• Work required:
Retype only what runs from the beginning of the data through the line with "Womens Multicoloured Floral"; please omit the pictures and keep every line exact.

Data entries
* * * * * * * * *
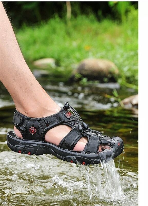 - LX-92362 43/黒 38-47選 安い 牛革 軽量 夏 滑り止め 快適 通気性 サンダル メンズ スポーツ ビーチサンダル スリッパ アウトドア
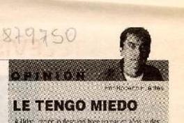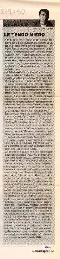 Le tengo miedo [artículo] / Roberto Fuentes. La Nación (Diario : Santiago, Chile)-- sept. 5, 2004, p. 60 retr. .
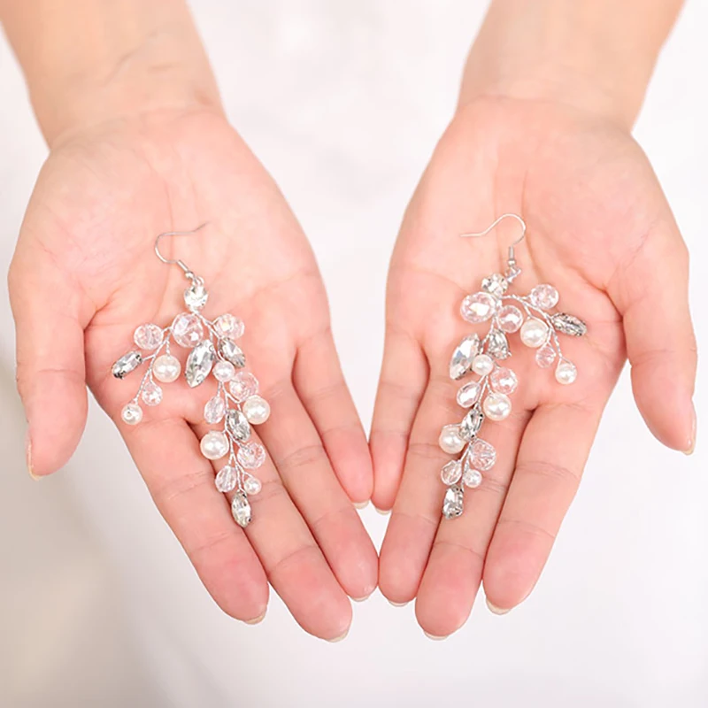 Посылка включает в себя: одну головную повязку и пару сережек Материал: искусственный жемчуг, искусственный кристалл, стразы и серебряная проволока Этот головной убор используется для особых случаев, таких как свадьбы, банкет или вечерние. Изящное украшение сделает вас еще красивее.
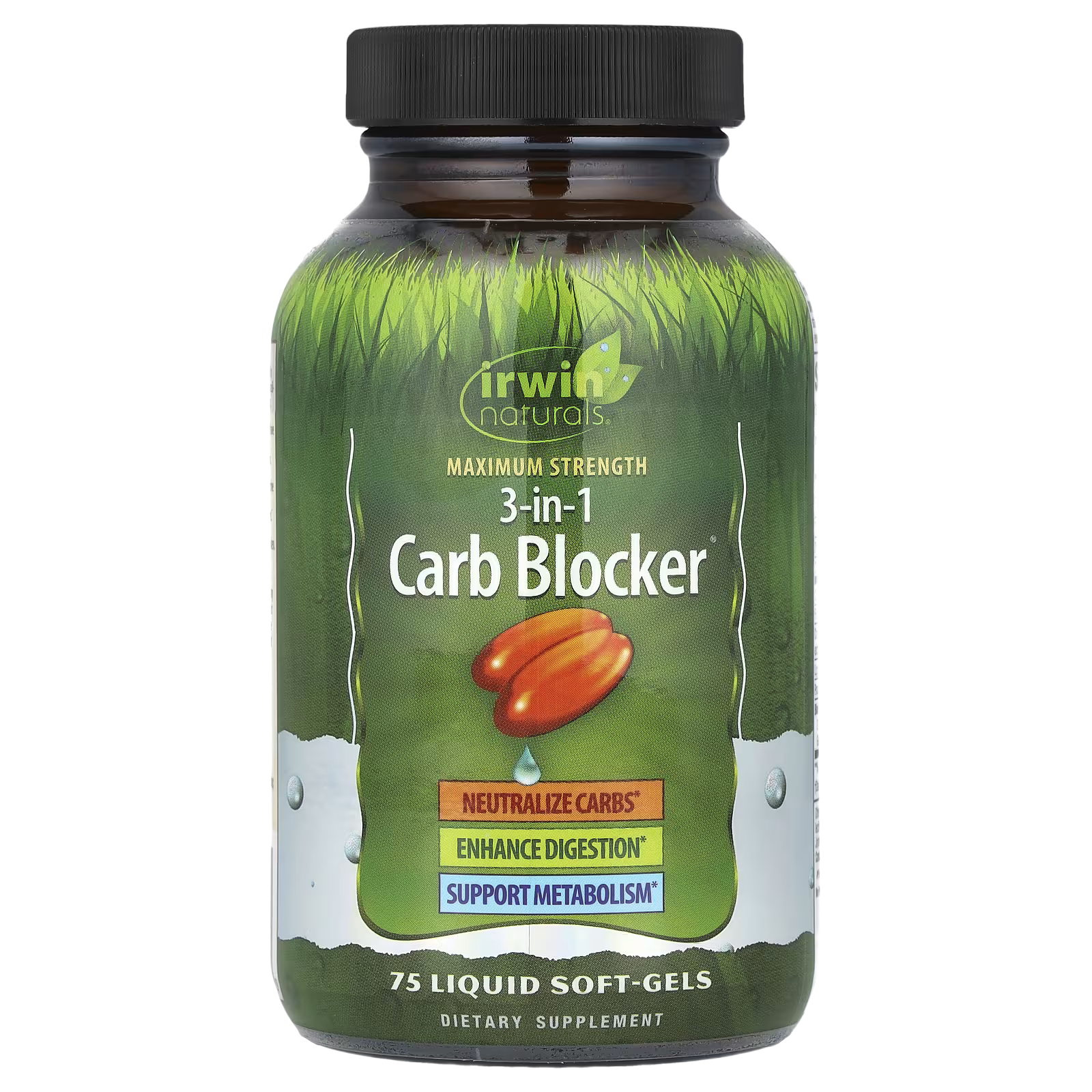 Irwin Naturals, 3-In-1 Carb BlockerĀ®, Maximum Strength, 75 Liquid Soft-Gels
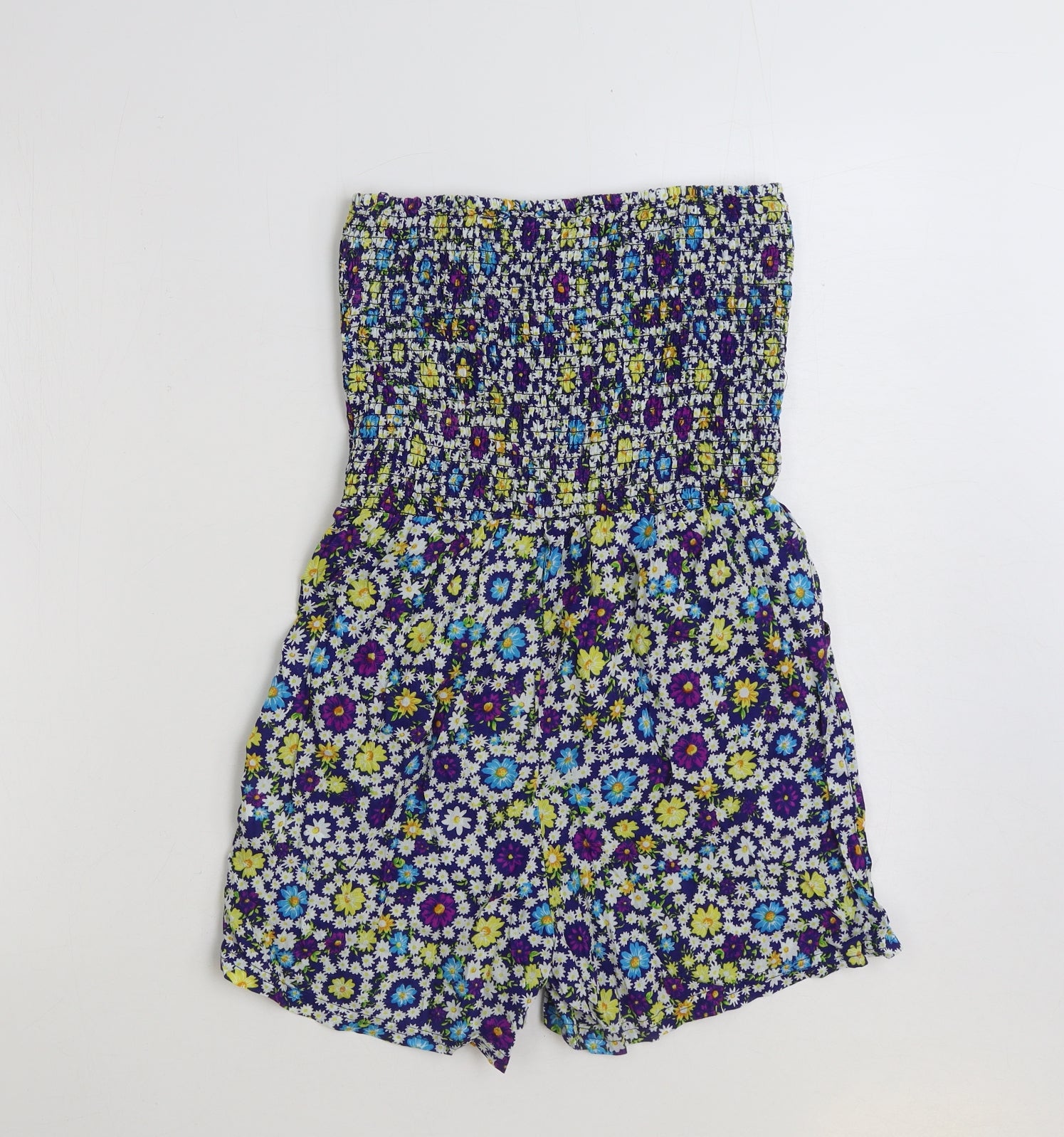 Womens Multicoloured Floral Polyester Playsuit One-Piece Size 10 Pullover
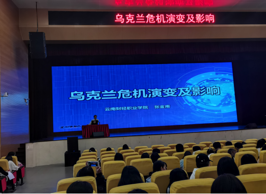张金甫老师通过阐述乌克兰危机的复杂历史经纬,指出乌克兰局势走到今天这一步是各种因素综合作用的结果,也是多年积累矛盾的爆发。通过阐释乌克兰危机中金融战、信息战、舆论战等在内的“混合战”格外激烈的多维较量,让学生更加深入全面了解乌克兰问题。通过讲解乌克兰危机对国际社会的广泛影响,明确坚定的中国立场——中国向来从事情本身的是非曲直出发独立自主作出判断,主张共同、综合、合作、可持续的安全观,一直致力于劝和促谈,积极向乌克兰民众提供人道主义援助。
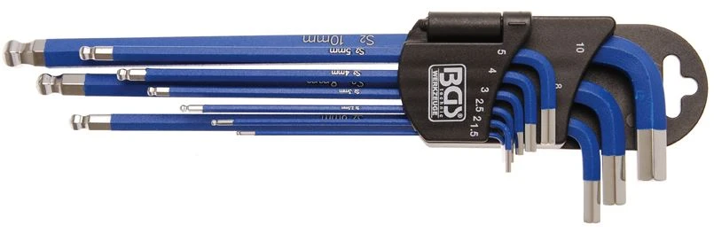 Winkelschlüssel-Satz | extra lang | Innensechskant/Innensechskant mit Kugelkopf 1,5 – 10 mm | 9-tlg.
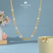 This elegant 5-layer gold pearl chain set comes with matching earrings, adding a touch of sophistication to any outfit. With high-quality pearls and a versatile design, this set is suitable for any occasion. Upgrade your jewelry collection today and shine with confidence.
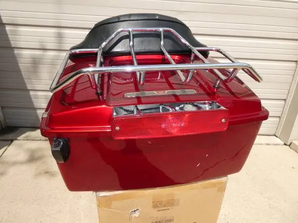For sale is a Beautiful Red Metallic Harley Davidson Tour Pack removed from a 1993 FLH Electra-Glide. This is in excellent condition the housing is perfect no cracks no broken parts, the backrest is also in excellent condition, includes some hardware to mount to your bike, I hooked the power cable to 12 volts and the side and rear light work. If interested call John @ 262-370-6363
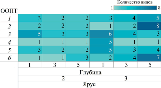 «ПАК у м. Фиолент» на глубине 1 м, минимальное (один вид) – ГПЛЗ «Ка- раньский» и ПП «ПАК у м. Сарыч» на глубине 3 м. У м. Лукулл количество видов во втором ярусе незначительно росло при увеличении глубины до 5 м.
* * * * * * * * *
• Answer to this problem:
 - LX-92362 43/黒 38-47選 安い 牛革 軽量 夏 滑り止め 快適 通気性 サンダル メンズ スポーツ ビーチサンダル スリッパ アウトドア
 Le tengo miedo [artículo] / Roberto Fuentes. La Nación (Diario : Santiago, Chile)-- sept. 5, 2004, p. 60 retr. .
 Посылка включает в себя: одну головную повязку и пару сережек Материал: искусственный жемчуг, искусственный кристалл, стразы и серебряная проволока Этот головной убор используется для особых случаев, таких как свадьбы, банкет или вечерние. Изящное украшение сделает вас еще красивее.
 Irwin Naturals, 3-In-1 Carb BlockerĀ®, Maximum Strength, 75 Liquid Soft-Gels
 Womens Multicoloured Floral Polyester Playsuit One-Piece Size 10 Pullover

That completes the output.